Task requirements — From the data underneath, reproduce exactly the stretch that begins at the line with "田(5画)之(3画)上(3画) 法(9画)子(3画)" and ends after the line with "Aqsa, Kaaba, Nabawi Watercolor Poster Set".

Working data —
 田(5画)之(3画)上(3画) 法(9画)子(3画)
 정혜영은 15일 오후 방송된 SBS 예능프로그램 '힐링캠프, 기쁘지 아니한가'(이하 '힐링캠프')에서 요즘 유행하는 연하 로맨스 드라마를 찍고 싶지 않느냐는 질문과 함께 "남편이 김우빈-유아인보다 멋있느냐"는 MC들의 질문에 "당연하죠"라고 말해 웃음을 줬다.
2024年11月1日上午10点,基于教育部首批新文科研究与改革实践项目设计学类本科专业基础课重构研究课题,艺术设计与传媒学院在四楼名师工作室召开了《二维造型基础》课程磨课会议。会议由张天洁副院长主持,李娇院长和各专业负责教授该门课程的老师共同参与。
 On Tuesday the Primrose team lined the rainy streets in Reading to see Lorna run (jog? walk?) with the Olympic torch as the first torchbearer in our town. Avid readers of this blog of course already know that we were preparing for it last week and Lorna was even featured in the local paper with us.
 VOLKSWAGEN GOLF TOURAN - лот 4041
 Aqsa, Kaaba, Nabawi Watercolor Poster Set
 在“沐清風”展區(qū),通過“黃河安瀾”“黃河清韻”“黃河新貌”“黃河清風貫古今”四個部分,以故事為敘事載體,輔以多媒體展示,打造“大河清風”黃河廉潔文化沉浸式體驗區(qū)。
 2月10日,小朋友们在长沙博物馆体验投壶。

==

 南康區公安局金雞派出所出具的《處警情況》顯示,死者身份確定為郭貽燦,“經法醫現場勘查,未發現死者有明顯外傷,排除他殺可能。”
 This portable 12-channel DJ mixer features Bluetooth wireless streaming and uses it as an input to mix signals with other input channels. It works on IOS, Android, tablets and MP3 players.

==

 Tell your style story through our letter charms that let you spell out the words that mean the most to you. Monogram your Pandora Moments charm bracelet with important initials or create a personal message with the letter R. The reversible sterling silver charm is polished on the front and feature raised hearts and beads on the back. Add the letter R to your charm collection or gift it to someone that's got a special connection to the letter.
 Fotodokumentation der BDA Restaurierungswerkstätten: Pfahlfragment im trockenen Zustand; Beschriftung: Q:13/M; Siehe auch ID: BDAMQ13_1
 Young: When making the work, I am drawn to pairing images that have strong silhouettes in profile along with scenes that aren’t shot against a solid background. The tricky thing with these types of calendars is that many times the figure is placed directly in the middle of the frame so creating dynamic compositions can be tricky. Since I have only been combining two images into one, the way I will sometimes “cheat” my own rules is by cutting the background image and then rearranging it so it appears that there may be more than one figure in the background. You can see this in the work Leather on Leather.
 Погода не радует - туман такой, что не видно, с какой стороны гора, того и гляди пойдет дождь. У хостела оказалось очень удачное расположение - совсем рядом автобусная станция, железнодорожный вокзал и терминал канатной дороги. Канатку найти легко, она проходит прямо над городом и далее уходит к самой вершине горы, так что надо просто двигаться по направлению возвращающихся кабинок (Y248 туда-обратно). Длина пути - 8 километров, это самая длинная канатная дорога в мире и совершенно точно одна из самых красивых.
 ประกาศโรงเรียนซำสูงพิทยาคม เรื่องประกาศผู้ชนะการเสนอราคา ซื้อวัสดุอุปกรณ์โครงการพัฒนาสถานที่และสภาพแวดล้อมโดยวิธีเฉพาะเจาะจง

Exercise solution —
 田(5画)之(3画)上(3画) 法(9画)子(3画)
 정혜영은 15일 오후 방송된 SBS 예능프로그램 '힐링캠프, 기쁘지 아니한가'(이하 '힐링캠프')에서 요즘 유행하는 연하 로맨스 드라마를 찍고 싶지 않느냐는 질문과 함께 "남편이 김우빈-유아인보다 멋있느냐"는 MC들의 질문에 "당연하죠"라고 말해 웃음을 줬다.
2024年11月1日上午10点,基于教育部首批新文科研究与改革实践项目设计学类本科专业基础课重构研究课题,艺术设计与传媒学院在四楼名师工作室召开了《二维造型基础》课程磨课会议。会议由张天洁副院长主持,李娇院长和各专业负责教授该门课程的老师共同参与。
 On Tuesday the Primrose team lined the rainy streets in Reading to see Lorna run (jog? walk?) with the Olympic torch as the first torchbearer in our town. Avid readers of this blog of course already know that we were preparing for it last week and Lorna was even featured in the local paper with us.
 VOLKSWAGEN GOLF TOURAN - лот 4041
 Aqsa, Kaaba, Nabawi Watercolor Poster Set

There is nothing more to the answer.